## PROVIDED DATA
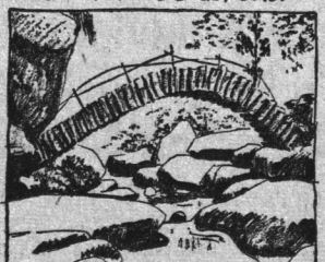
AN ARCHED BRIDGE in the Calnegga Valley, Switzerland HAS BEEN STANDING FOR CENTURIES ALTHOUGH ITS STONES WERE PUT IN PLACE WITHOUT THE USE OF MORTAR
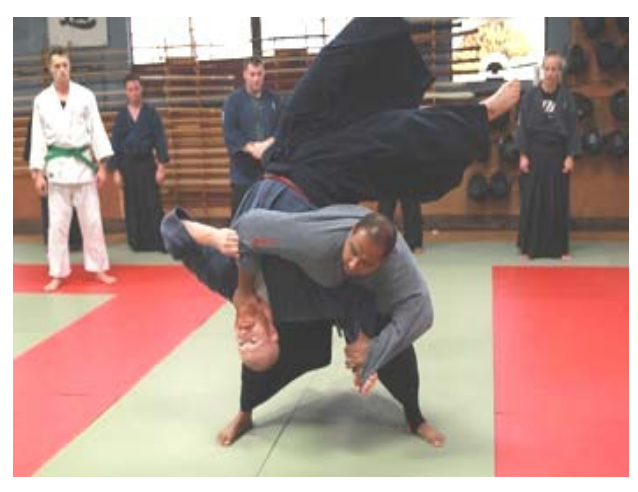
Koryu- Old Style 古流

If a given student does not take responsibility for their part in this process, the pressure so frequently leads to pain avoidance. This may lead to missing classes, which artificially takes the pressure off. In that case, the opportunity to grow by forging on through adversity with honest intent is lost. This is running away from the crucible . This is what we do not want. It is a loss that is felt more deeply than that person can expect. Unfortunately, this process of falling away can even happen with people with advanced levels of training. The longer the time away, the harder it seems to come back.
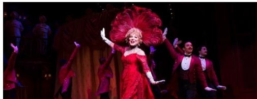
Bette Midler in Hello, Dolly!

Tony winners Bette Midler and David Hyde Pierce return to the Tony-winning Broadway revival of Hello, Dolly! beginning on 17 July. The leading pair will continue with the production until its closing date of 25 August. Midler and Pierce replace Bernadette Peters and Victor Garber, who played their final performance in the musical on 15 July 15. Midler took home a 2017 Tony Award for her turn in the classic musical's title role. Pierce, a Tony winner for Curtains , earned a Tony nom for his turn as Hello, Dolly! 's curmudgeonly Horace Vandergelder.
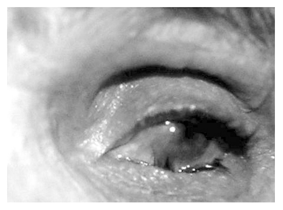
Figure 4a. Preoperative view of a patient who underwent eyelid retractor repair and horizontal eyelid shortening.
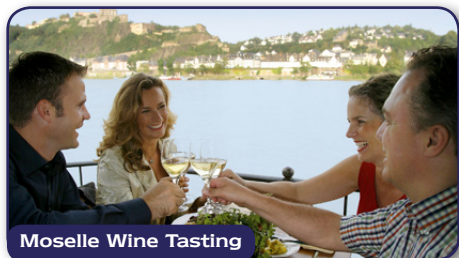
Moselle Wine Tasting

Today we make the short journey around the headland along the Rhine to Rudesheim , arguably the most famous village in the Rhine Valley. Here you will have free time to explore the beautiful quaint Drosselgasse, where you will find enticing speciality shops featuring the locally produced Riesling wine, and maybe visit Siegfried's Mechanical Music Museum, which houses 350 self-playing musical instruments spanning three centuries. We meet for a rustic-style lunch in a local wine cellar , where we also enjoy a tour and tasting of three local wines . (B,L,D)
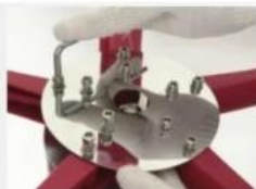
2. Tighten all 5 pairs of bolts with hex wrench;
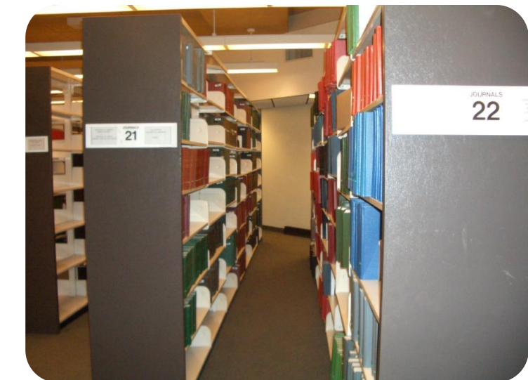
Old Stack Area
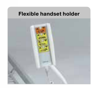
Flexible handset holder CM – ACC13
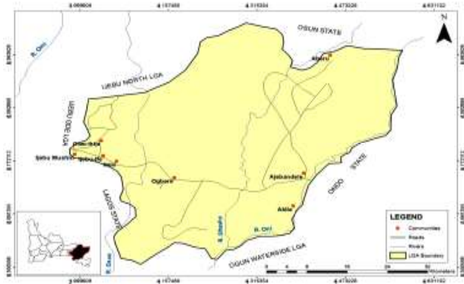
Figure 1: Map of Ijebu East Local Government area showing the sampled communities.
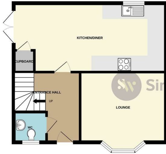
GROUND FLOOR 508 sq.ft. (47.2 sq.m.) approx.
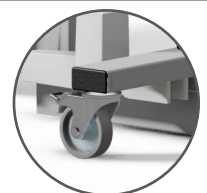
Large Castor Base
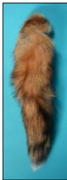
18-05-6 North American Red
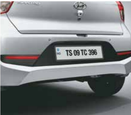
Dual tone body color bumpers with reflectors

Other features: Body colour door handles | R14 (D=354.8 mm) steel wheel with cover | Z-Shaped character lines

## WHAT IS REQUIRED
Reply with a lone number, the count of lines in the data that include the string "Figure".

## WRITTEN SOLUTION
2